Records excerpted from a collection:
--------------------
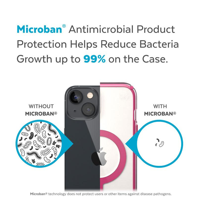 Oryginalna obudowa ochronna Speck oferuje też ochronę antybakteryjną MICROBAN® (światowy lider rozwiązań przeciwdrobnoustrojowych z szerokim portfolio ponad 25 zatwierdzonych technologii). Aktywny składnik wbudowany w strukturę etui powstrzymuje 99% bakterii, które gromadzą się na powierzchni etui. Technologia MICROBAN® zapewnia w ten sposób dożywotnią ochronę przed bakteriami powodującymi plamy i nieprzyjemne zapachy oraz działa na poziomie komórkowych, aby utrzymać czystość obudowy.
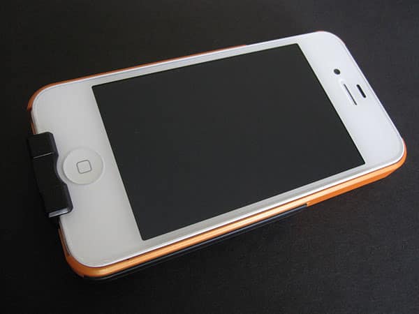 Maxx Spectra for iPhone 4/4S ($40) is the first product we’ve seen from newcomer FabX, and it’s another take on the traditional shell-style case we see quite often. The body has a pretty standard hard plastic construction, although there is an unusual pair of rubber strips on the inside to protect the iPhone, and another on the outer edges of the case.
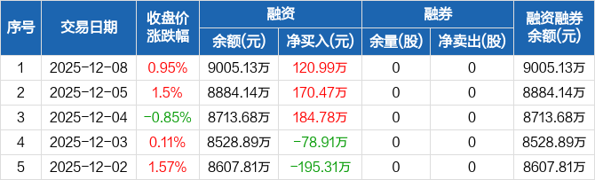 浙江华远:连续3日融资净买入累计476.24万元(12-08)
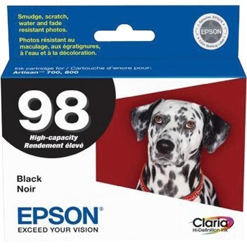 Epson T098120 (No.98) OEM Black Ink Cartridge High Yield   Compatible Printers /  Epson Artisan 700   /  Epson Artisan 710   /  Epson Artisan 725   /  Epson Artisan 730   /  Epson Artisan 800   /  Epson Artisan 810   /  Epson Artisan 835   /  Epson Artisan 837
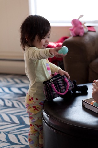 We were shopping with Ashley and to keep her entertained, we gave her some stickers. Most of them ended up on her shirt. A little while later, back at home having lunch in our kitchen, I noticed that the stickers were missing from her shirt. I asked Ashley, “Where did your stickers go?” She pointed to the front room and said, “Bango.”
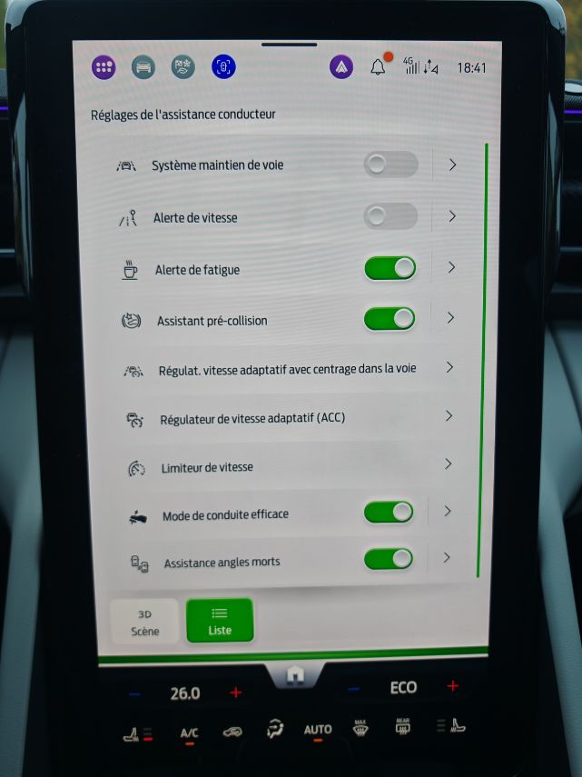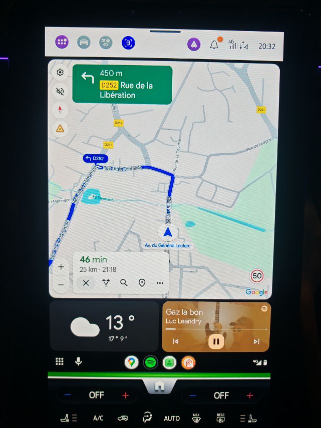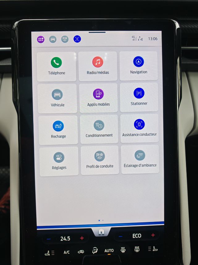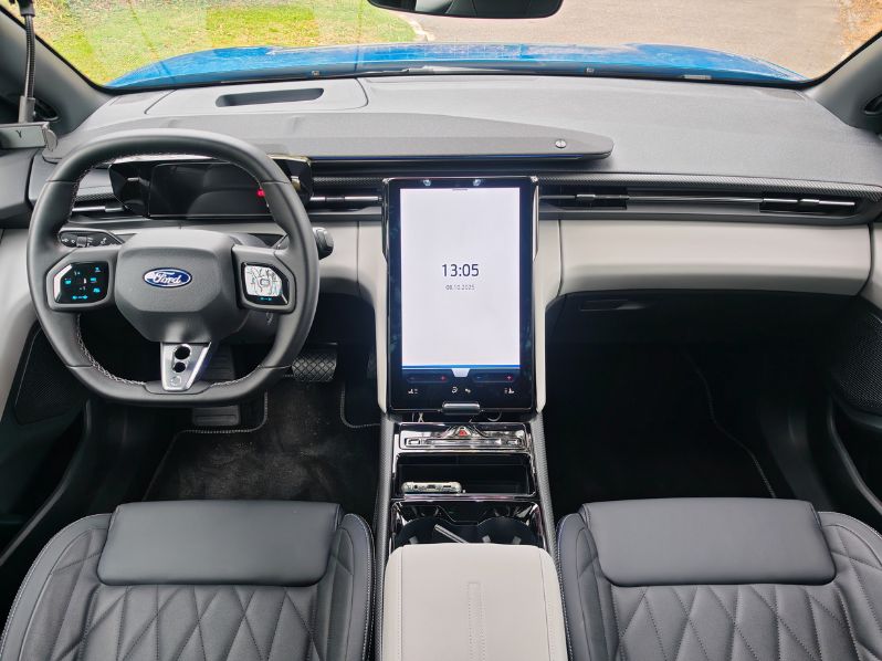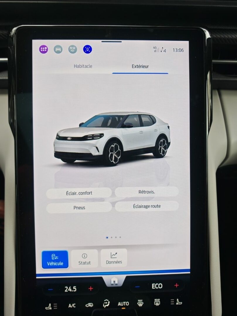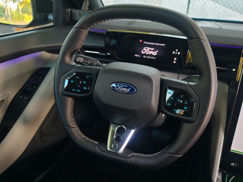 Dès qu’on s’installe, on remarque la grosse dalle, façon Tesla mais dans l’autre sens. Le Mustang Mach-E avait déjà initié cet équipement. Cette fois-ci, on peut le basculer en l’inclinant à souhait. Totalement fermé, il offre la possibilité d’un coffre-Ford. Jeu de mots. On regrette les nombreuses coupures audio avec Android Auto sans fil et les quelques déconnexions totales inexpliquées. Les menus et sous-menus sont nombreux et parfois peu intuitifs mais on arrive au final à s’y retrouver. Sauf pour couper la climatisation. Je m’y perds. Heureusement, pour les alertes à la con, comme notamment celle de la vitesse, un raccourci permet de toutes les couper en deux clics.
--------------------
◆ **What is expected**:
Word for word, please reproduce each entry above and leave out every picture.

◆ **Output**:
 Oryginalna obudowa ochronna Speck oferuje też ochronę antybakteryjną MICROBAN® (światowy lider rozwiązań przeciwdrobnoustrojowych z szerokim portfolio ponad 25 zatwierdzonych technologii). Aktywny składnik wbudowany w strukturę etui powstrzymuje 99% bakterii, które gromadzą się na powierzchni etui. Technologia MICROBAN® zapewnia w ten sposób dożywotnią ochronę przed bakteriami powodującymi plamy i nieprzyjemne zapachy oraz działa na poziomie komórkowych, aby utrzymać czystość obudowy.
 Maxx Spectra for iPhone 4/4S ($40) is the first product we’ve seen from newcomer FabX, and it’s another take on the traditional shell-style case we see quite often. The body has a pretty standard hard plastic construction, although there is an unusual pair of rubber strips on the inside to protect the iPhone, and another on the outer edges of the case.
 浙江华远:连续3日融资净买入累计476.24万元(12-08)
 Epson T098120 (No.98) OEM Black Ink Cartridge High Yield   Compatible Printers /  Epson Artisan 700   /  Epson Artisan 710   /  Epson Artisan 725   /  Epson Artisan 730   /  Epson Artisan 800   /  Epson Artisan 810   /  Epson Artisan 835   /  Epson Artisan 837
 We were shopping with Ashley and to keep her entertained, we gave her some stickers. Most of them ended up on her shirt. A little while later, back at home having lunch in our kitchen, I noticed that the stickers were missing from her shirt. I asked Ashley, “Where did your stickers go?” She pointed to the front room and said, “Bango.”
 Dès qu’on s’installe, on remarque la grosse dalle, façon Tesla mais dans l’autre sens. Le Mustang Mach-E avait déjà initié cet équipement. Cette fois-ci, on peut le basculer en l’inclinant à souhait. Totalement fermé, il offre la possibilité d’un coffre-Ford. Jeu de mots. On regrette les nombreuses coupures audio avec Android Auto sans fil et les quelques déconnexions totales inexpliquées. Les menus et sous-menus sont nombreux et parfois peu intuitifs mais on arrive au final à s’y retrouver. Sauf pour couper la climatisation. Je m’y perds. Heureusement, pour les alertes à la con, comme notamment celle de la vitesse, un raccourci permet de toutes les couper en deux clics.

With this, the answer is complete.